Forces from outside: Environments can affect outcomes
“Forces from outside” are the “factors that characterize the context in which we operate,” according to Dr. Gino. “Situations can derail us, and the way things are presented makes a difference in how people approach business decisions.”
- A company in India experienced high turnover in its call center operations. Feedback from employees indicated their reluctance to express themselves authentically with customers and a lack of ownership and pride in their work. The company changed its on-boarding process for a select group of new employees, asking them to think about their strengths and how they would apply them to their work. After seven months, this group had lower turnover rates because reflecting on their strengths “triggered emotions” that gave employees more input – and therefore satisfaction – in approaching their work.
Combating the forces of derailment
Dr. Gino concluded the webinar by saying that even the most competent people can be derailed by errors.

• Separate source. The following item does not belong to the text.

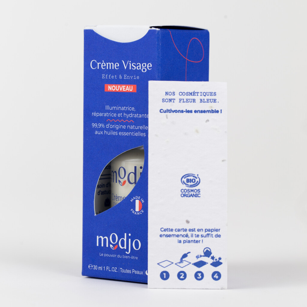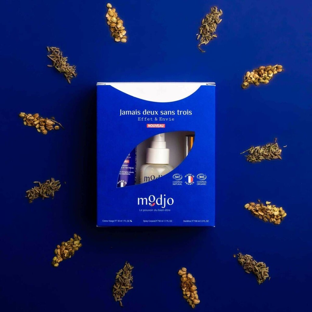 Ce coffret contient les trois produits stars de la gamme Effet & Envie de Modjo : la crème visage, le spray corporel et le dentifrice.

She suggested not making important decisions when feeling emotional. “Ask yourself questions – am I in the right state to make an important decision? Or I am angry? Keeping a cool head is important.”
She also encouraged attendees to be like “architects” by carefully designing choices and decision processes. It is essential to recognize that “our brains are wired in certain ways as humans that lead to these tendencies,” Dr. Gino explained, and being thoughtful about our reactions is key to counteract them and get better outcomes.
“We all have the power … of looking at the way we interact with others and changing the environment” so that we end up reaching the outcomes we want.